Another issue with the idea that people would voluntarily opt out of working in order to gain benefits to fund a search for new employment is that studies by Glynn and Booth have found that 73% of unemployed workers lived below the poverty line, which is higher than the employed workers. This means that it is unlikely that these workers will want to become unemployed if they know that they are going to have a low income and be below the poverty line. This problem is made even worse if they incorporate the effects on their wives and children. The extra benefits given to a unemployed worker to pay for the upkeep of the rest of his family were very low and probably not sufficient to keep them above the poverty line. Therefore, if a worker has a large family, the chances are they are less likely to indulge in search unemployment.

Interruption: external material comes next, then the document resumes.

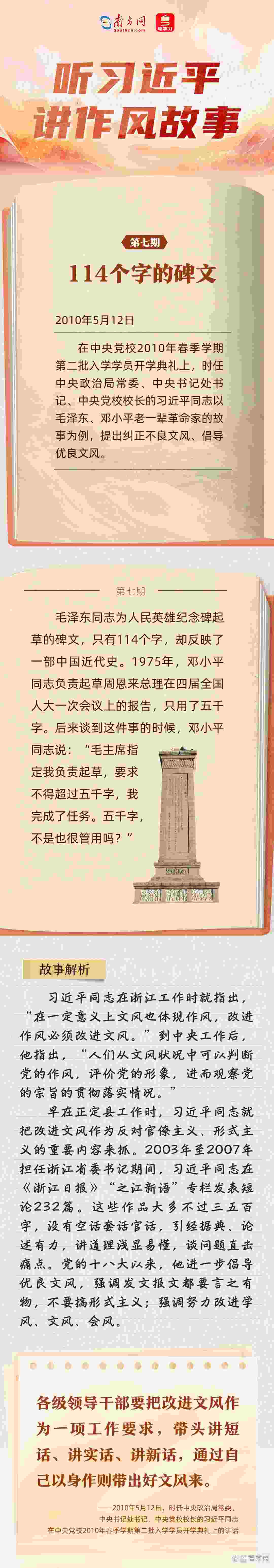當(dāng)前,全黨上下正在開展深入貫徹中央八項(xiàng)規(guī)定精神學(xué)習(xí)教育,縱深推進(jìn)作風(fēng)建設(shè)。關(guān)于作風(fēng)建設(shè),習(xí)近平總書記常用講故事的方式,傳達(dá)深意、感染他人,給人以思想啟迪。南方網(wǎng)、粵學(xué)習(xí)客戶端推出“聽習(xí)近平講作風(fēng)故事”系列報(bào)道,與您一起感悟這些故事蘊(yùn)含的深刻道理。 今天,推出《聽習(xí)近平講作風(fēng)故事⑦丨114個(gè)字的碑文》,與您一起學(xué)習(xí)毛澤東、鄧小平老一輩革命家的文風(fēng)。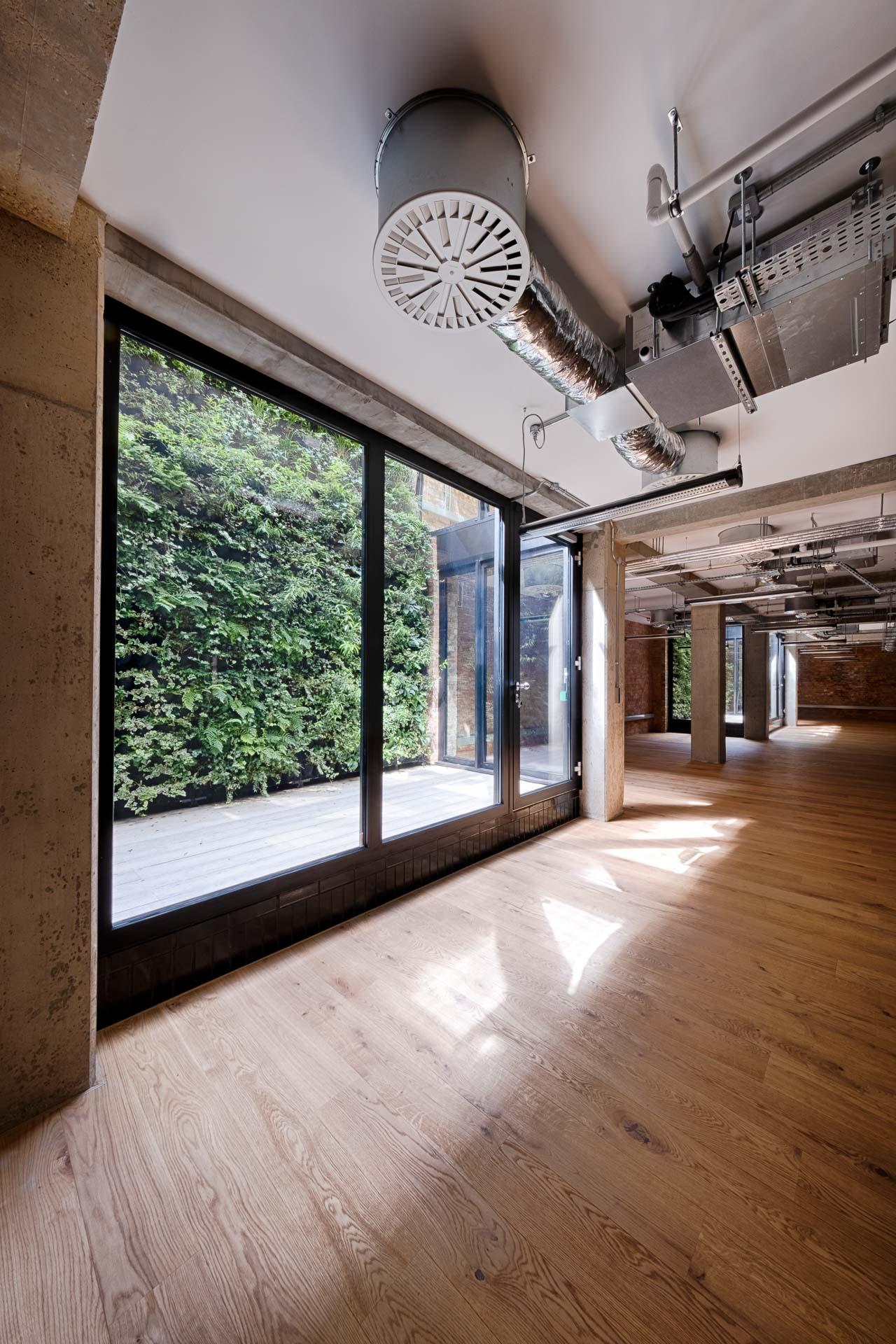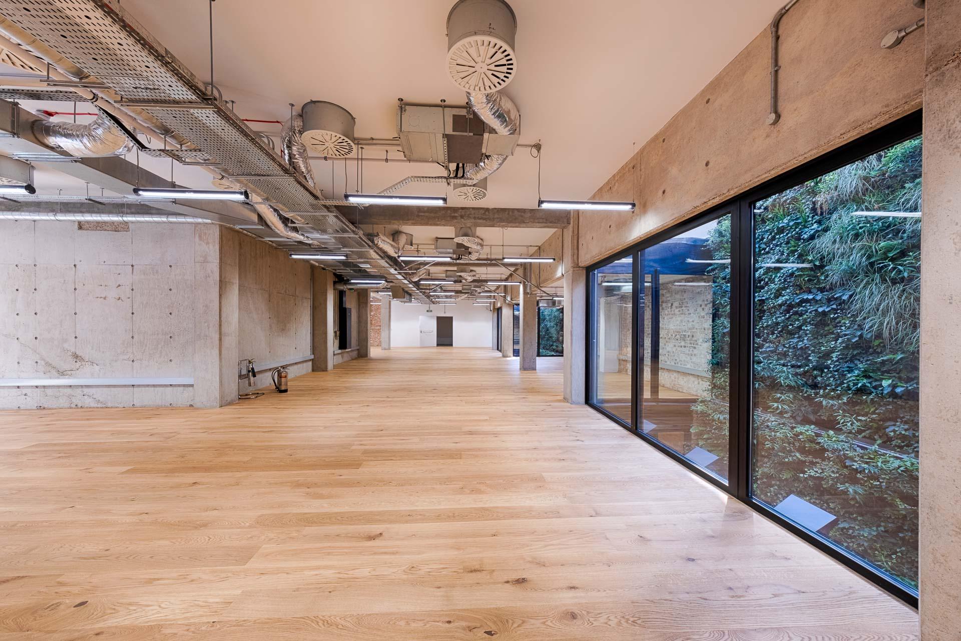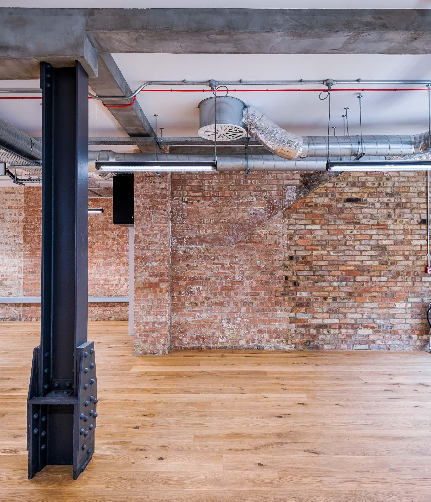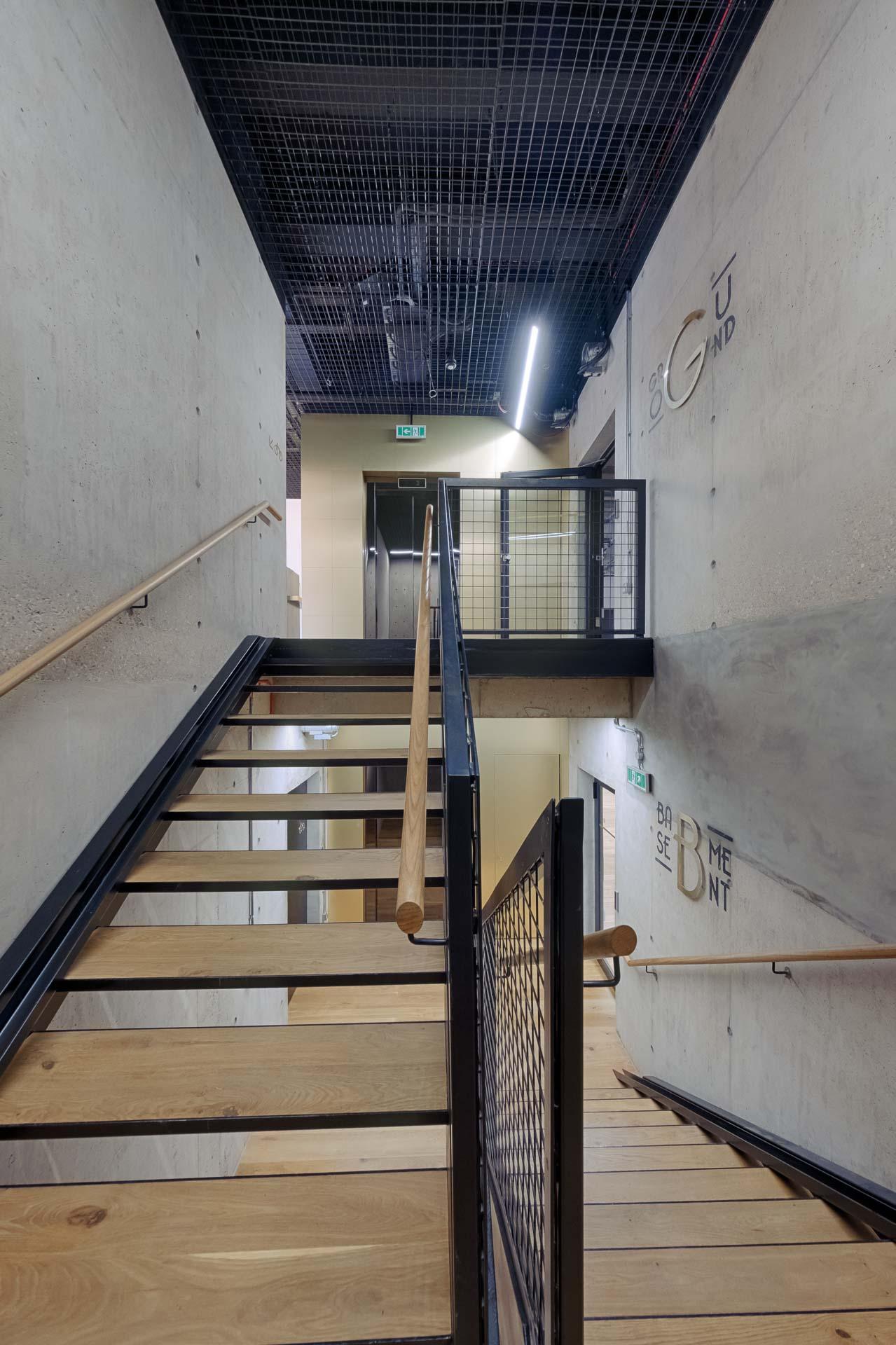 Ponadto w budynku pojawiły się zewnętrzne zielone ściany, a także budki lęgowe dla ptaków. Wszystkie elementy wyposażenia, a także stalowe i betonowe słupy konstrukcyjne pozostały widoczne, nadając wnętrzu industrialny charakter. Efekt ten został wzmocniony poprzez odsłonięcie oryginalnych płytek i ceglanych ścian. Całość dopełniło proste oświetlenie inspirowane tradycyjnymi lampami przemysłowymi. Przestrzeń ma otwarty układ, który sprzyja nowym funkcjom coworkingowym budynku.

It is also possible to disaggregate the data into further groups, such as by age, sex or skill level. When this is completed, further evidence against the standpoint of Benjamin and Kochin is revealed. If we solely look at young women, they saw one of the largest increases in the replacement ratio of any group (when divided in this method) but one of the smallest increases in the unemployment rate. A similar but less significant result was found for women over 24. More importantly, if the data is restricted to the unskilled, the model is shown to be skewed, as unskilled people are more likely to be unemployed, but because of this likelihood, unskilled people receive more benefits in terms of their wage, plus their wages will be lower simply due to their lack of skill. This will mean that the model is skewed by the unskilled and if the sample is controlled for skill level and only includes male household heads, the effect of the replacement ratio become almost negligable.
Overall, I think that the reasons proposed by Benjamin and Kochin in the question has at best a minimal effect on the unemployment rate. The changes in the unemployment rate are much more likely to be causes by hysteresis after demand-side shocks, such as the return to gold in 1921 and the world slump in the 1929 to 1932 depression.